Monte Cristo Skillet – and Your Cast Iron Memories
This delicious recipe is at the bottom of the post. Hope you get to try it soon!
Be sure and share your special Cast Iron memories in the comments below!
(more details at bottom of post)
Today I’m thrilled to bring you a guest post from the good folks at Martha White, along with a fun announcement! The National Cornbread Festival is coming up! The cornbread festival is held each year in the neat little town of South Pittsburg, Tennessee, and this year Martha White has asked me to be a judge. So I get to participate in the festival AND taste all of the yummy entries, to boot! The festival is a weekend long family event with all sorts of fun activities taking place, including tours of the Lodge Cast Iron Factory. Click the Cornbread Festival logo at the bottom of this post to visit the official homepage and learn more.
I’m really looking forward to meeting more of the Southern Plate Family! We have a page over on Facebook where folks can RSVP that they are coming so if you plan on coming out for the fun this year so click here to head on over there and let me know so I can look forward to seeing your face and keep you posted on times and location of the Southern Plate Family meet and greet.
I’m also hoping some of you will enter the competition. Wouldn’t it be wonderful if a member of the Southern Plate family won it? I happen to know that y’all are a group of extremely talented cooks – who cook for the love of family and friends – and I can’t imagine a dish tasting better than one made by one of you. For the official rules of the competition, click here. To go ahead and enter, click here.
This Monte Cristo Skillet was the Grand Prize Winner of the 2006 National Cornbread Festival. It caught my eye because I recently had my very first Monte Cristo Sandwich and absolutely loved it. Southern Living sent me to Charleston to do some presentations for the Taste of Charleston Festival. Have you ever been to Charleston? Oh my goodness gracious, is that a beautiful town! With every sight and sound I became more determined to bring my family back there someday so I could experience it with them (It is hard to enjoy a trip without the folks you want to share it with beside you).
As I’ve started traveling from time to time I’ve taken a queue from my adventurous counterparts at SL and started making it a point to try something new in each place if possible. In Charleston, I had my first Monte Cristo Sandwich and it was right up my alley. I ate it in the cafe of a beautiful hotel right downtown. The flavors were a unique combination for me: Ham, cheese, battered and toasted bread drizzled with a sweet fruit preserves and sprinkled with confectioner’s sugar. It was part lunch, part breakfast, part sandwich, part dessert, and all the way good!
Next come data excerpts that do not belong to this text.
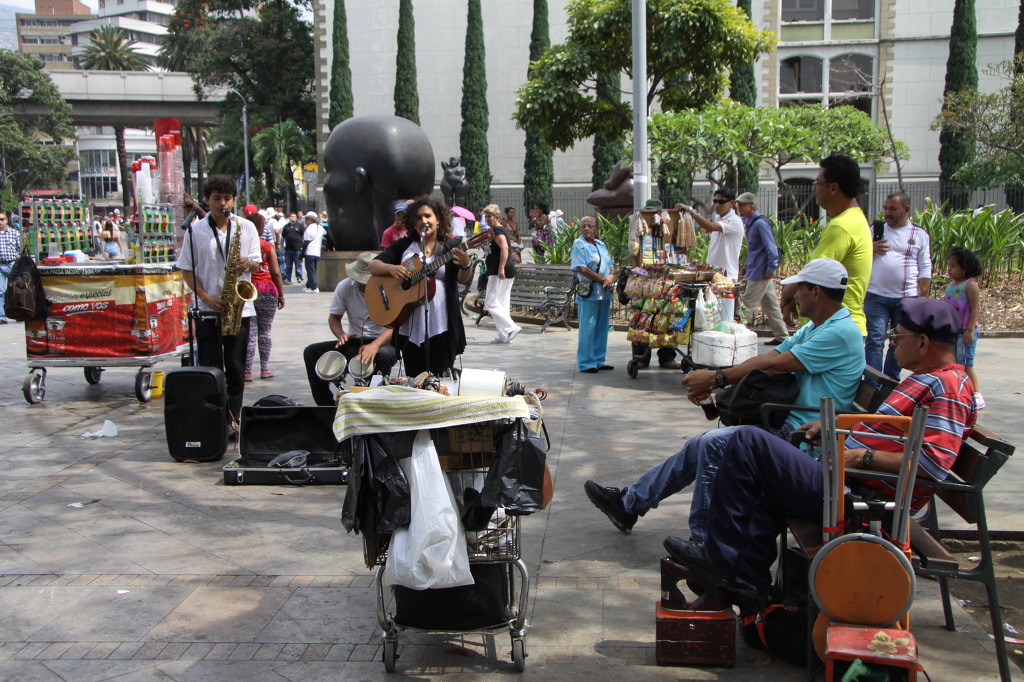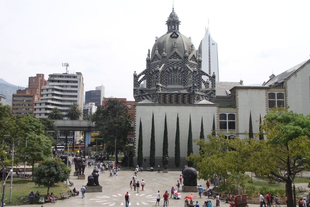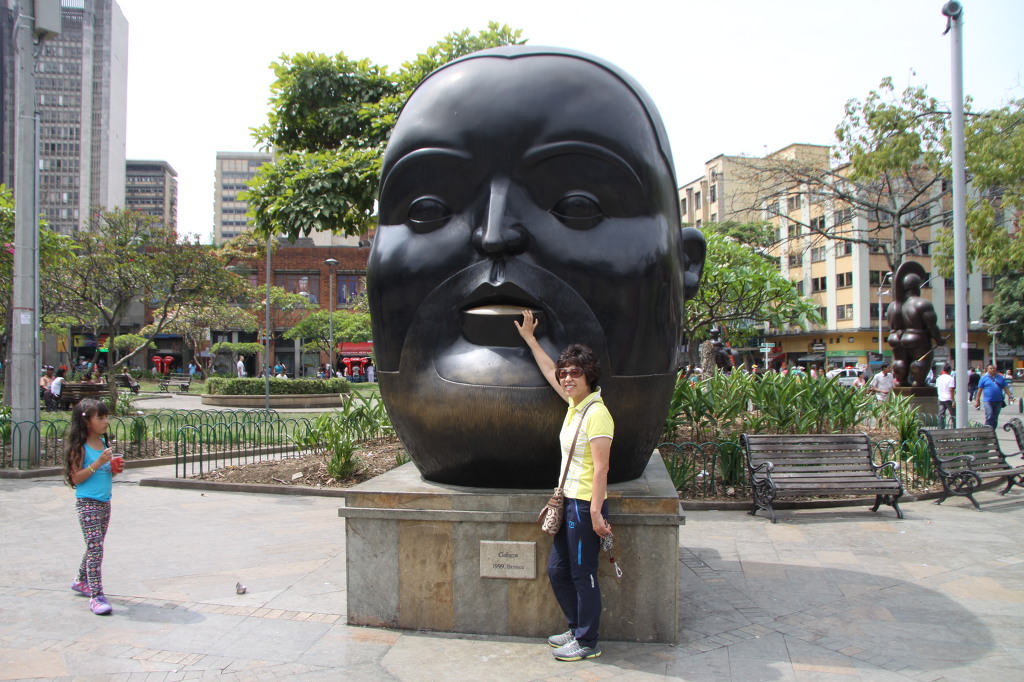 1675년에 광산 도시로 세워졌지만 식민지시대의 건축물은 거의 남아 있지 않다. 현대적 도시계획에 따라 잘 정돈된 도시로 세워졌다. 식품가공·목공·야금·자동차·화학제품·고무제품 등을 포함해서 기초산업이 폭넓게 발달했다. 직물공장과 의류공장 때문에 '콜롬비아의 맨체스터'로 알려져 있다. 1914년 이후 파나마 운하가 완공되고 칼리 시에서 철도가 들어오면서 주요 운송교차로로서 급속히 성장했다. 도로로 카리브 해 연안과 연결되고 국제공항이 있다. 메데인은 오랫동안 콜롬비아에서 가장 큰 커피 산업의 상업 중심지 가운데 하나였다. 1980년대 중반에는 리오네그로 가까이에 새 국제공항이 완성되었다. 20세기 후반에는 콜롬비아산(産) 코카인을 국제적으로 불법 판매하는 중심지가 되었다. 화가 보테로의 고향이고 마약 왕 파블로의 활동 중심지였던 곳으로 알려져 있다. 우리는 도시로 들어가 보기로 했다. 언덕을 내려가는 길은 나선형으로 돌아 내려간다. 조용하고 깨끗하다. 공원의 입구가 나온다. 지도에서 우리가 서 있는 곳을 파악하고 도시 중심으로 가기위해 방향을 잡고 걸었다. 북쪽으로 가면 될 것 같았다. 가다보니 보행자 도로가 없다. 넓은 도로가 길을 막고 있다. 자동차들이 무섭게 달린다. 대형 건물들이 눈앞에 보이는데 가까이갈 방법이 없다. 조심스럽게 대로를 횡단하고 나니 작은 길이 보인다. 잘 자란 가로수 나무가 빌딩 사이에 자라고 있다. 걸어가는 사람을 따라 뒤 따라간다. 겨우 인도를 찾았다. 어디로 방향을 잡을 까 생각하다가 육교 건너편에 보이는 오래되 보이는 교회로 목적지를 삼았다. 겨우 찾아간 교회는 문이 굳게 닫혀있었다. 주변에는 차량을 수리하는 자동차 정비소가 가득한 곳이었다. 기름 냄새가 가득했고 거친 작업복을 입고 일하는 사람들이 많이 보였다. 길모퉁이에 있는 포차에서 오렌지를 갈아주는 주스 아줌마를 만났다. 오렌지를 갈아주는데 무척 시원하고 신선했다. 중심가를 향해 다시 길을 나섰다. 처음 도착한 곳이 시립도서관(Biblioteca) 건물이다. 현대식 건물인데 특이하게 생겼다. 기둥들이 잔뜩 세워진 광장이 인상적이고 그 옆에는 대나무가 심겨진 정원이 있다. 루세스 공원이란다.(Parque de las Luces). 공원 건너편에는 법원 건물이 있는데 오래되 보이지만 무게가 느껴지는 건물이다. 법원 건물의 시계가 눈에 들어온다. 대나무가 심겨진 공원을 따라 걸어가니 커다란 관장이 나오고 그 광장 맞은편에 교육청 건물이 있다. 1894년에 세워진 건물인데 2003년에 재건축을 한 예쁜 건물이다. 아내는 화장실이 급하다고 교육청 건물에 들어가 해결하고 나왔다. 우리가 서있는 거리가 칼레 44번 길이다. 보행자 전용 골목길이 나온다. 우리는 북쪽으로 발길을 돌렸다. 보행자 도로에는 상가와 식당, 그리고 작은 가판대가 가득하고 걸어 다니는 사람도 엄청 많다. 보행자들과 장사꾼들이 섞여서 복잡하다. 좀 이른 시간이지만 점심을 먹기로 했다. 현대식 페스트푸드점으로 들어갔다. 크고 깨끗하게 실내가 꾸며진 식당이다. 벽에는 다양한 음식 메뉴 그림이 가득하다. 그림을 보고 주문했다. 돼지고기와 야채 밥과 옥수수가 올려 진 메뉴다. 음료수도 주문해서 먹었다. 손님을 기다리는 종업원들의 눈빛이 반짝거린다. 점심을 간단히 해결하고 나왔다. 거리에는 장사꾼들과 거리의 예술가들이 우리를 즐겁게 해준다. 어차피 이들의 목적은 똑같은 것 같다. 돈이다. 과일 파는 수레가 보이는데 엄청난 파파야가 쌓여있다. 풍성한 과일을 보니 도시가 풍요로워 보인다. 왼편에 흰색 교회가 나타났다. Ermita de la Veracruz 교회다. 교회로 들어가 보니 내부도 흰색이다. 시원해 보인다. 드디어 보테로 조각 공원이다. 주변에는 박물관과 Palacio de la Cultura Rafael Uribe Uribe(우리베 문화궁전)라는 멋진 건물이 자립잡고 있다. 조각공원에는 보테로가 기증한 그의 작품 23점의 청동상이 전시되어 있다. 현지인과 관광객들로 엄청 북적인다. 분주한 보테로 조각공원에서는 메데인 출신이자 전 세계적으로 유명한 아티스트 페르난도 보테로의 조각 작품 수십 점이 눈길을 끈다. 조각 작품은 사람이나 동물을 기괴한 비율로 비대하게 표현하고 있는 점이 아주 특이하다. 현지인과 여행객 모두 이 코믹한 조각 작품과 함께 사진을 찍으며 웃고 즐거워하는 모습을 쉽게 보실 수 있다. 페르난도 보테로는 자신의 작품 상당수를 고향인 메데인에 기증했다. 이 널찍한 광장을 걸으며 23점의 코믹한 작품들을 천천히 구경해 보는 것도 재미있다. 정말 웃기는 조각 옆에서는 사진도 찍는다. 이러한 작품은 모두 ‘머리, 말, 정장을 입은 남자, 정장을 입은 여자, 과일을 들고 있는 여인, 고양이, 앉아있는 여인, 누워있는 여인, 잠자는 비너스, 제우스와 에우르페, 로마병정, 개, 생각, 손가락, 스핑크스, 말에 올라 탄 남자, 모성애, 아담과 이브 등의 아주 간단한 제목을 가지고 있다. 비둘기 작품에 특히 주목해 보란다. 1995년 테러리스트에 의해 메데인에서의 폭탄 폭발 사고로 조각품 ‘Bird'가 부셔진다. 이 사고로 23명이 사망하고 많은 이들이 부상을 당하게 된다. 메데인은 약물거래의가 빈번히 일
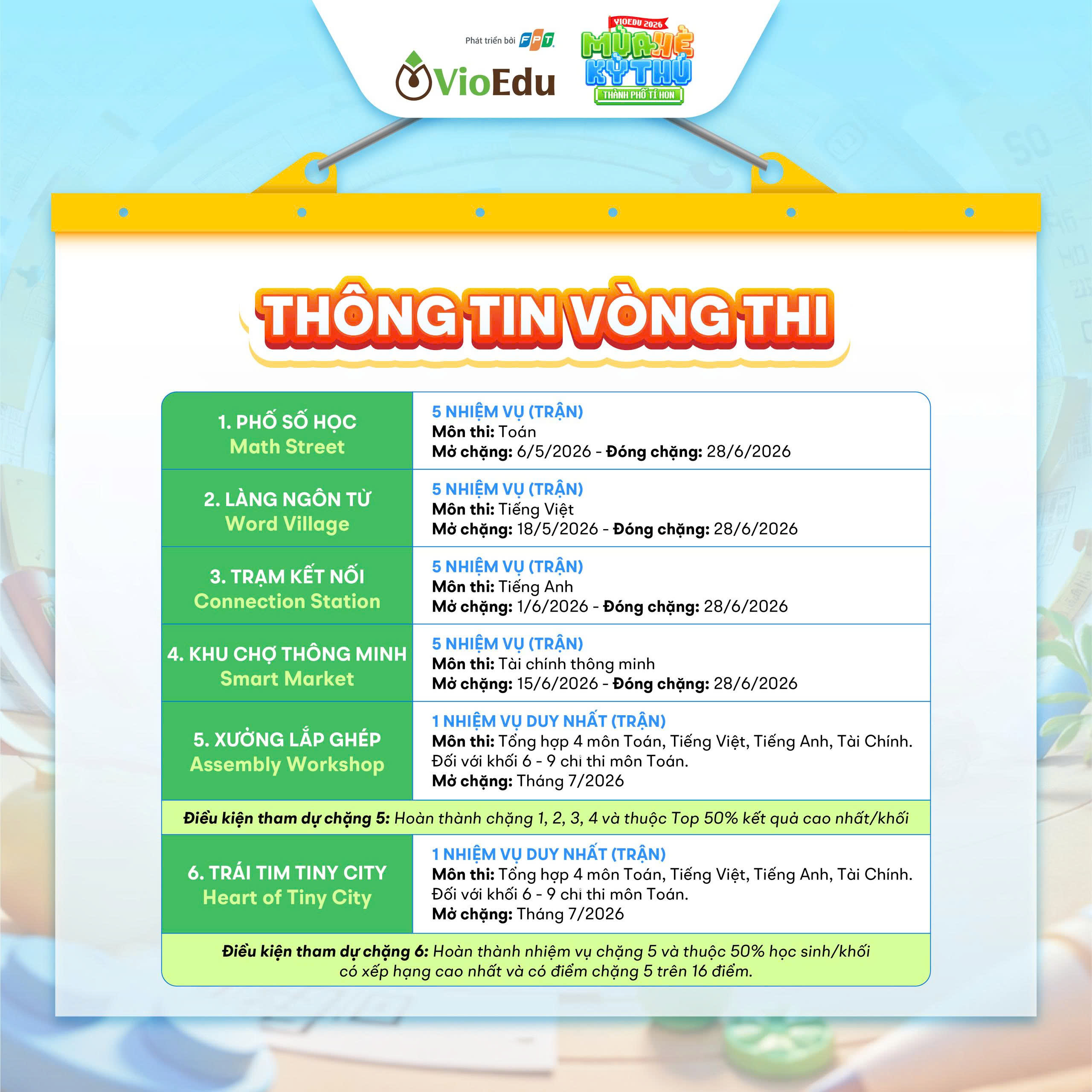 • Điều kiện tham gia: Học sinh cần có tài khoản VioEdu và đăng ký gói tham dự sân chơi.
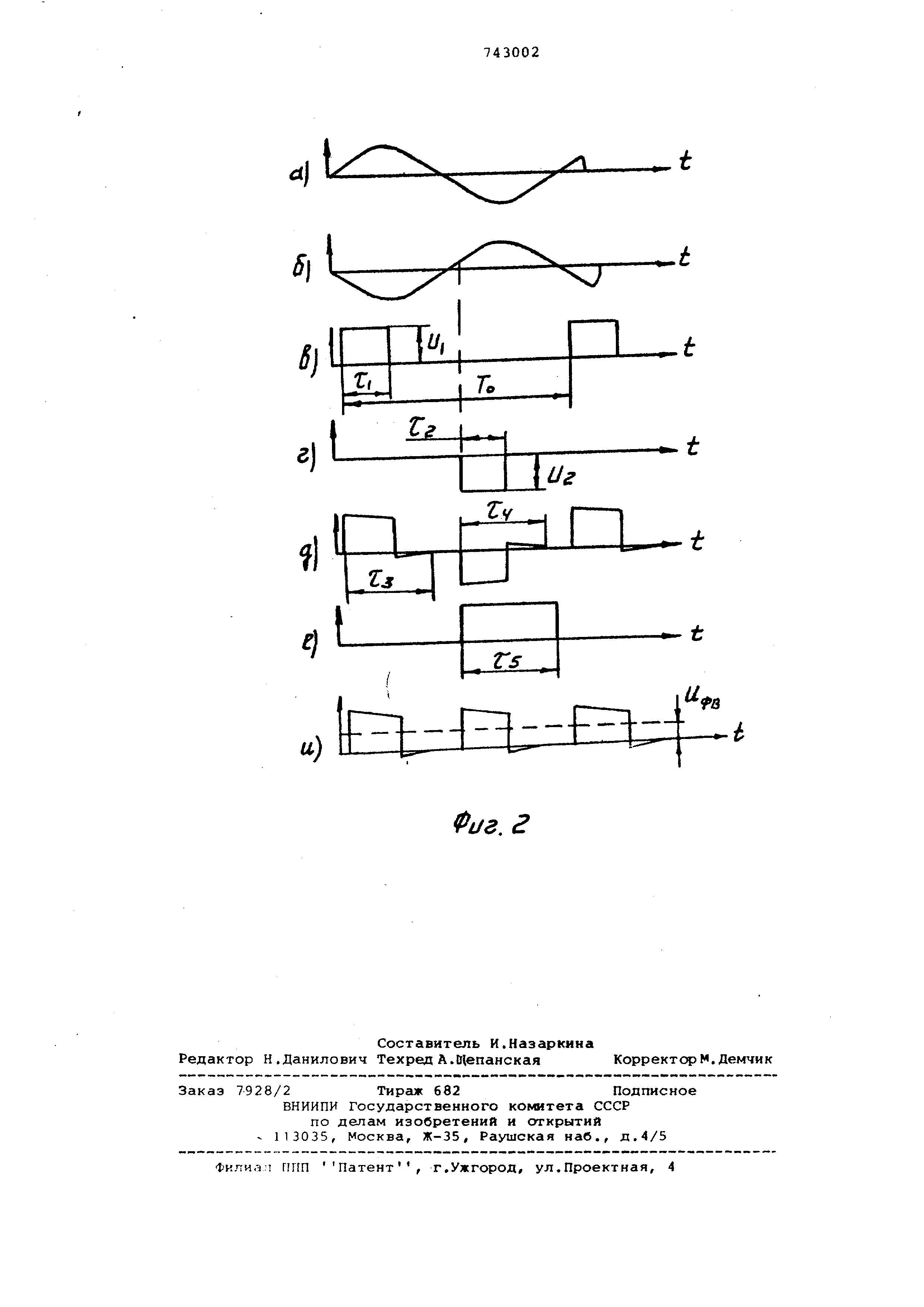 7, на выходе которого формируется сигнал постоянного импульса (см.фиг.2,и), пропорциональный разности
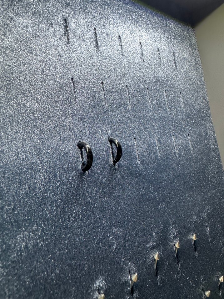 Koyu gri renkte, minimalist ve avangart tasarıma sahip erkek küpeleri. Trend belirleyiciler için uygun, karşı kültür stilini yansıtıyor. Cerrahi çeliktir.
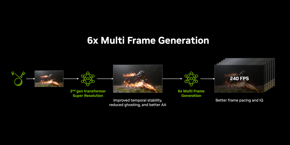 Multi Frame Generation gets a new 6X mode, making it possible to generate up to five additional frames for each natively rendered one, up from three in the original version in DLSS 4.
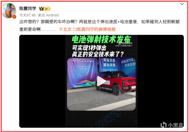 不过,随着讨论的深入,这项技术的争议也逐渐显现。知名汽车博主陈震同学在发文提出疑问:“这咋想的?那隔壁的车咋办啊?再就是这个弹出速度 + 电池重量,如果碰到人轻则断腿重则要命啊”。
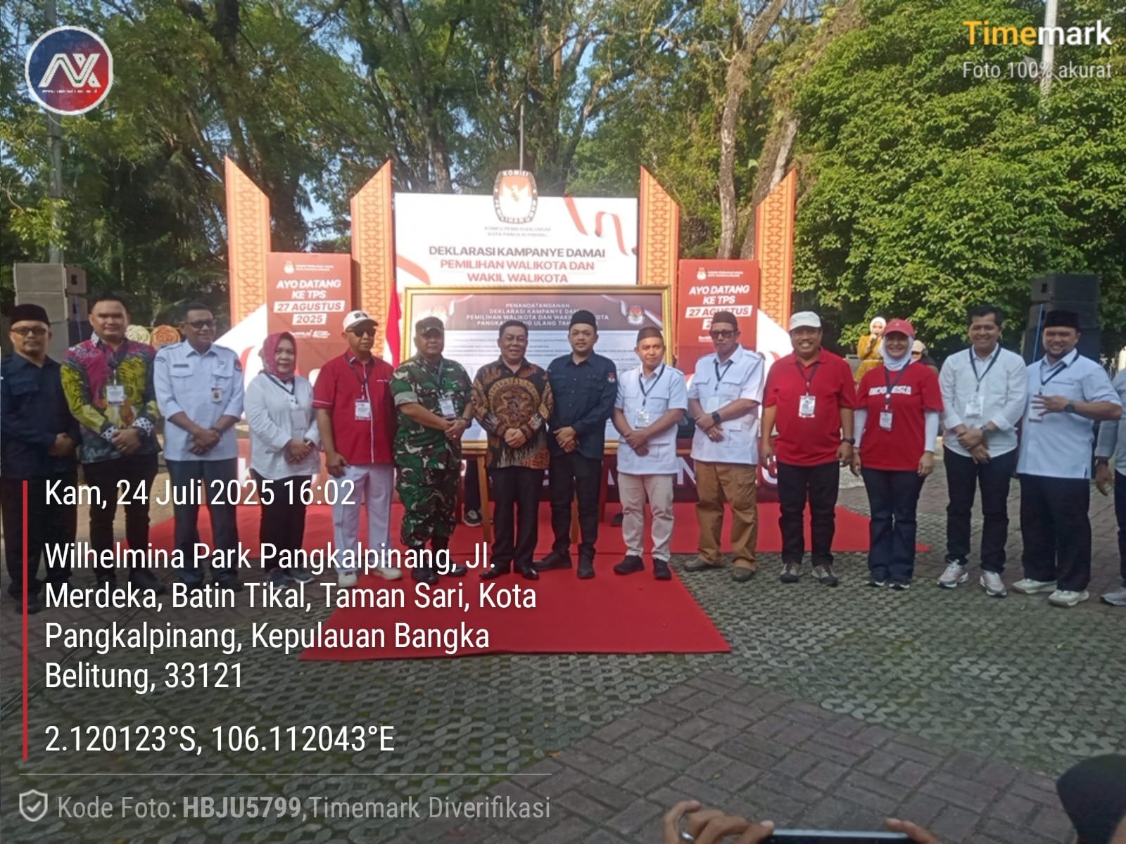 NASIONALXPOS.CO.ID, PANGKALPINANG – Penjabat (Pj) Wali Kota Pangkalpinang, M. Unu Ibnudin, menghadiri acara Deklarasi Kampanye Damai Pemilihan Wali Kota dan Wakil Wali Kota Pangkalpinang Tahun 2025 yang digelar oleh Komisi Pemilihan Umum (KPU) Kota Pangkalpinang, Kamis (24/7/2025), di Taman Wilhelmina, Pangkalpinang.

So when Martha White offered to guest post I got to nosing around for what recipe I thought would appeal the most to everyone and as soon as this skillet came before my eyes, my heart just settled on it.
This recipe is quick to throw together and feeds six people. I like strawberry preserves with mine but feel free to use whichever you like best. I also omit the turkey and use additional ham in it’s place. Lunchmeat ham works just fine!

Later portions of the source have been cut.